Records from a collection
•••••

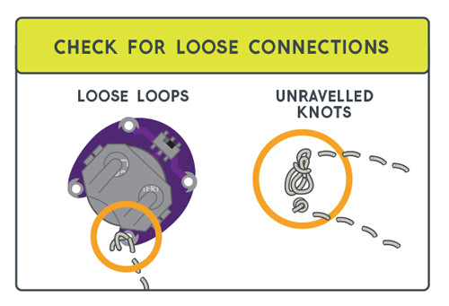 If the conductive thread is not making a tight connection to the LilyPad piece’s sew tabs, current will not be able to flow through consistently. If the project moves, the conductive thread may pull away from the sew tab and disconnect the circuit. To fix, pull stitching tight with tweezers or a needle if possible. You may also sew over the top of existing thread to create more tension and hold the thread securely to a sew tab.
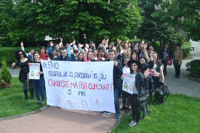 Asociația Persoanelor cu Handicap din Oltenia prin Centrul de Zi “Christian” pentru persoanele cu dizabilități din Târgu-Jiu, a organizat, pe data de 5 mai 2017, în interiorul Centrului “Christian”, Ziua Europeană de Luptă Împotriva Discriminării Persoanelor cu Dizabilități. Întrucât s-a pregătit și o activitate în Parcul Coloanei Infinitului, din cauza condițiilor meteorologice nefavorabile desfășurării ei, aceasta va fi reprogramată spre sfârșitul săptămânii viitoare.
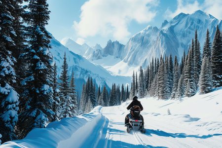 Snowmobile in the mountains at sunset. Panoramic view.
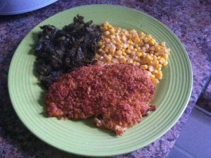 So decided to cook dinner for myself and the roomies…bacon bits n sharp cheddar cheese encrusted chicken breast with mixed greens and lemon roasted corn
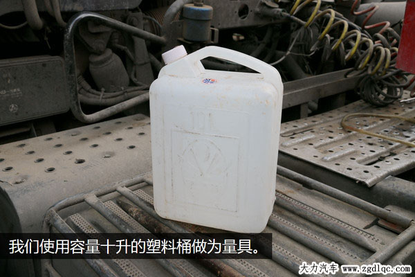 為了更直觀的進(jìn)行測試,我們選擇了一只容量為10升的塑料油桶作為容器,怠速運(yùn)行期間的燃料全部儲(chǔ)存在這里,可以把它理解為這輛卡車的一個(gè)油箱,只不過容量小一些而已。
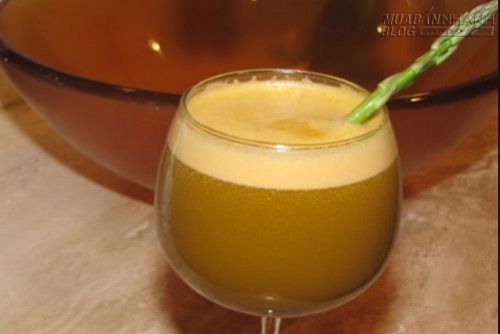 Ngâm măng tây trong nước lạnh chừng 5 phút, rồi gọt vỏ dưa chuột, táo, chanh và cắt thành từng miếng cỡ vừa. Cho tất cả cả các nguyên liệu bao gồm gừng, dưa chuột, chanh, cần tây và măng tây vào một ép trái cây để ép lấy phần nước.
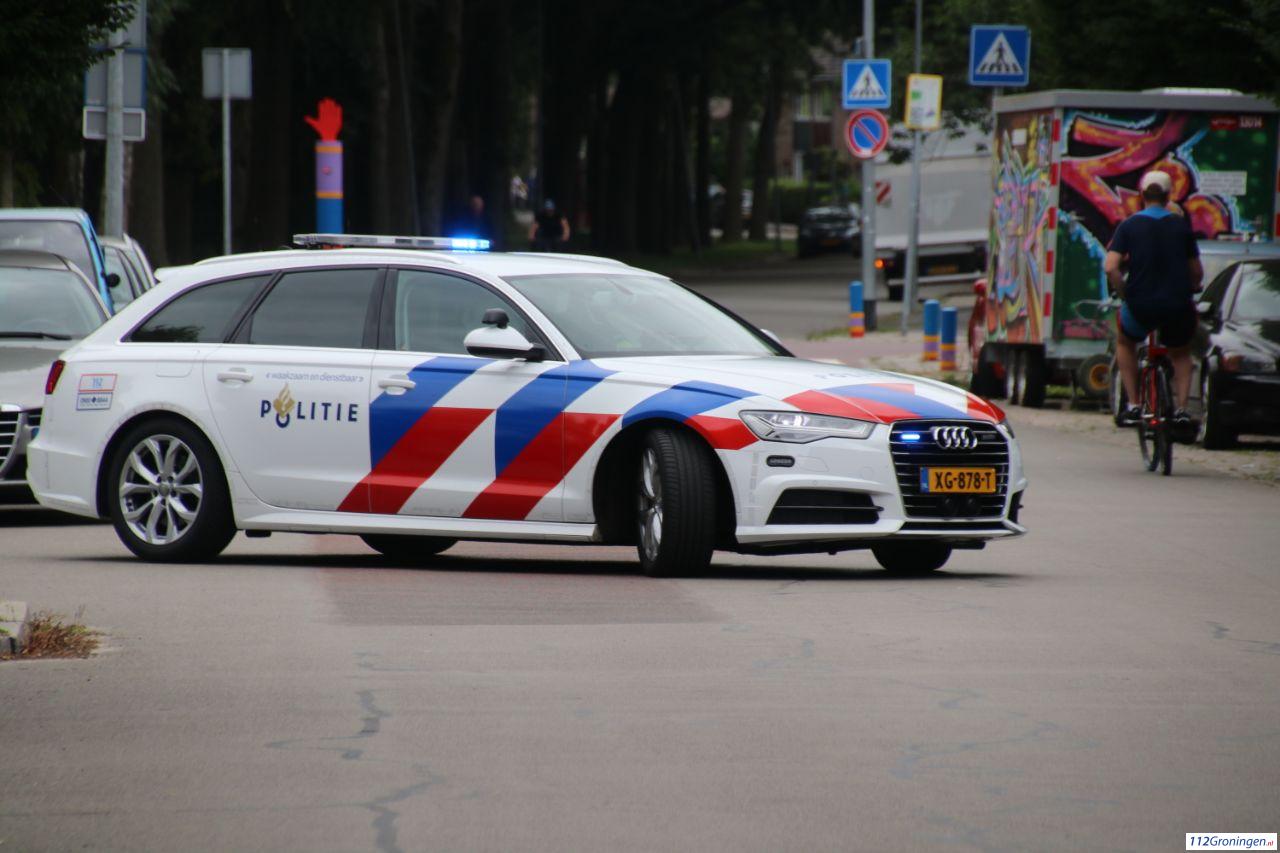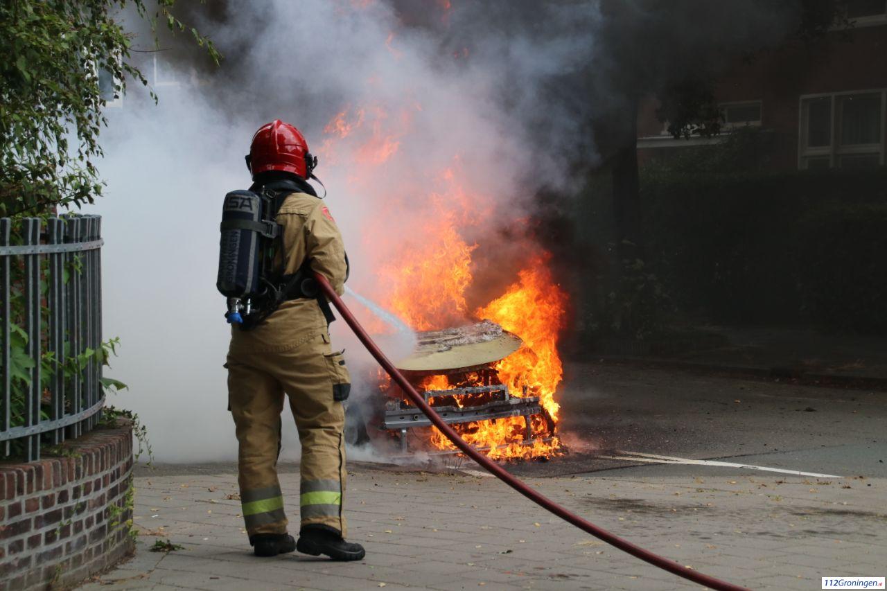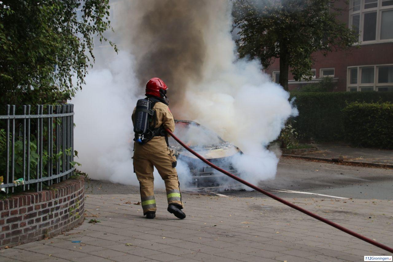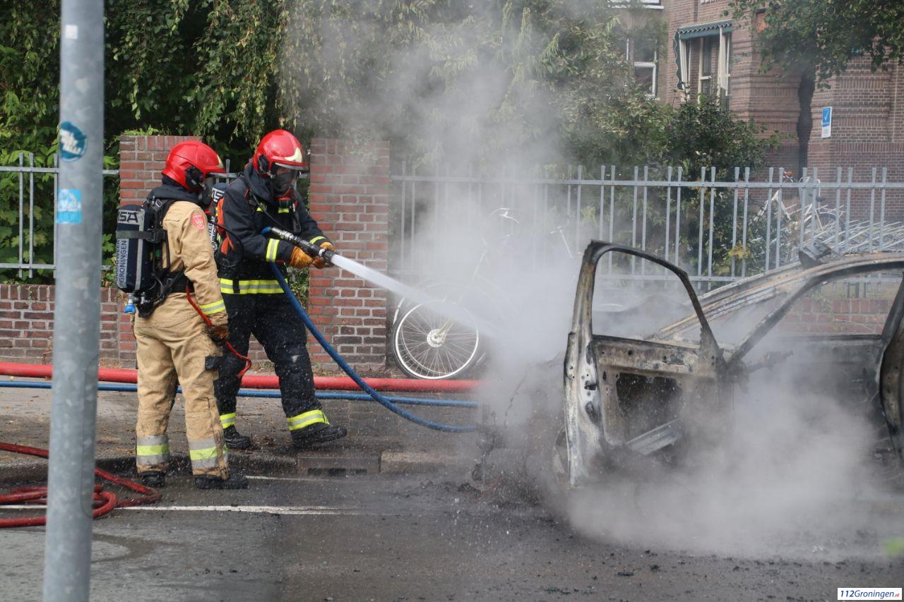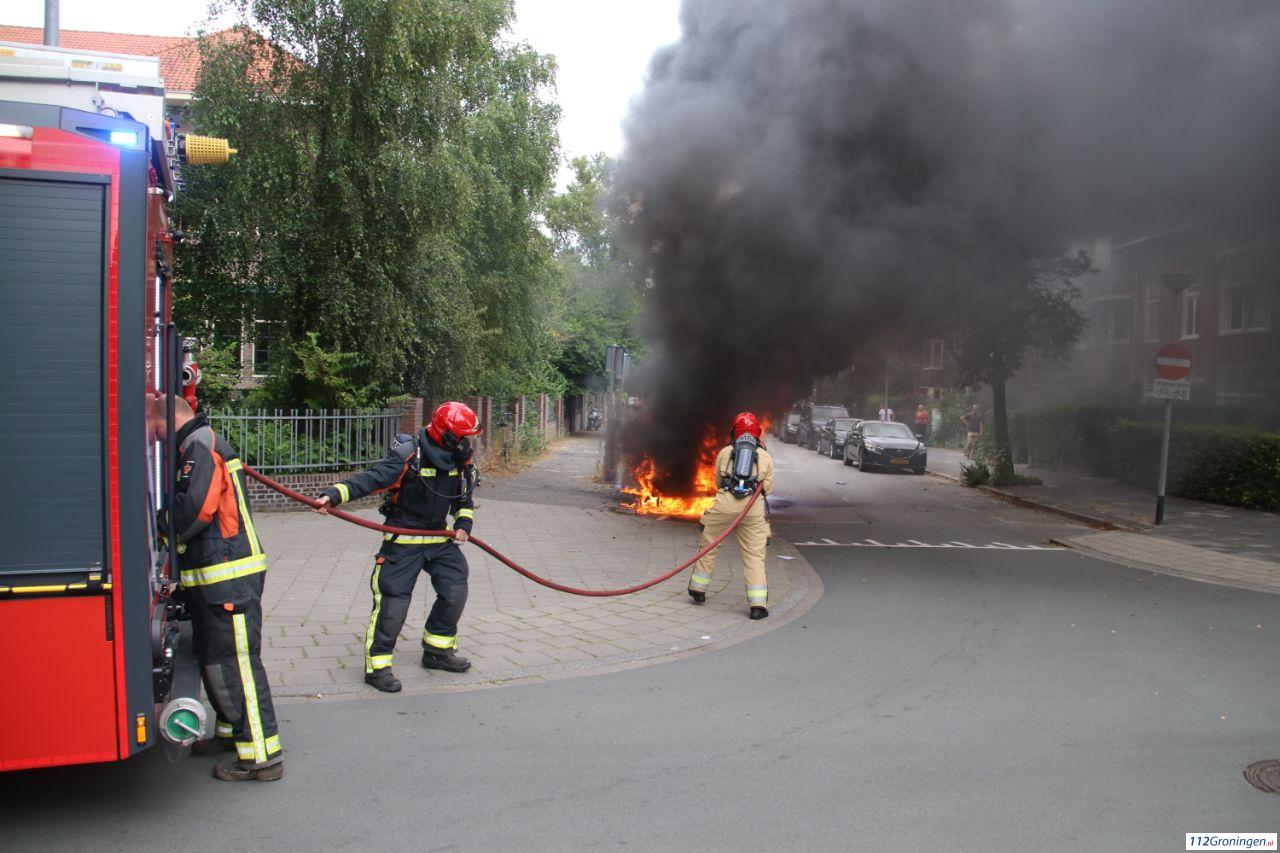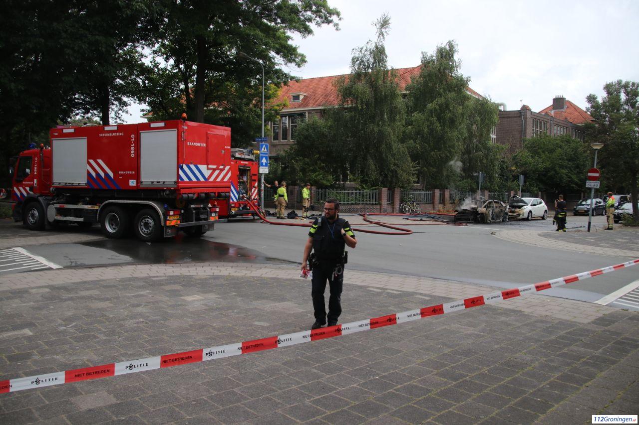 Een elektrische personenauto is zaterdagochtend volledig uitgebrand aan de Coendersweg in Helpman-Oost in Groningen.

•••••

◆ Exercise goal
Print the data again, word for word, without any pictures.

◆ Exercise result
 If the conductive thread is not making a tight connection to the LilyPad piece’s sew tabs, current will not be able to flow through consistently. If the project moves, the conductive thread may pull away from the sew tab and disconnect the circuit. To fix, pull stitching tight with tweezers or a needle if possible. You may also sew over the top of existing thread to create more tension and hold the thread securely to a sew tab.
 Asociația Persoanelor cu Handicap din Oltenia prin Centrul de Zi “Christian” pentru persoanele cu dizabilități din Târgu-Jiu, a organizat, pe data de 5 mai 2017, în interiorul Centrului “Christian”, Ziua Europeană de Luptă Împotriva Discriminării Persoanelor cu Dizabilități. Întrucât s-a pregătit și o activitate în Parcul Coloanei Infinitului, din cauza condițiilor meteorologice nefavorabile desfășurării ei, aceasta va fi reprogramată spre sfârșitul săptămânii viitoare.
 Snowmobile in the mountains at sunset. Panoramic view.
 So decided to cook dinner for myself and the roomies…bacon bits n sharp cheddar cheese encrusted chicken breast with mixed greens and lemon roasted corn
 為了更直觀的進(jìn)行測試,我們選擇了一只容量為10升的塑料油桶作為容器,怠速運(yùn)行期間的燃料全部儲(chǔ)存在這里,可以把它理解為這輛卡車的一個(gè)油箱,只不過容量小一些而已。
 Ngâm măng tây trong nước lạnh chừng 5 phút, rồi gọt vỏ dưa chuột, táo, chanh và cắt thành từng miếng cỡ vừa. Cho tất cả cả các nguyên liệu bao gồm gừng, dưa chuột, chanh, cần tây và măng tây vào một ép trái cây để ép lấy phần nước.
 Een elektrische personenauto is zaterdagochtend volledig uitgebrand aan de Coendersweg in Helpman-Oost in Groningen.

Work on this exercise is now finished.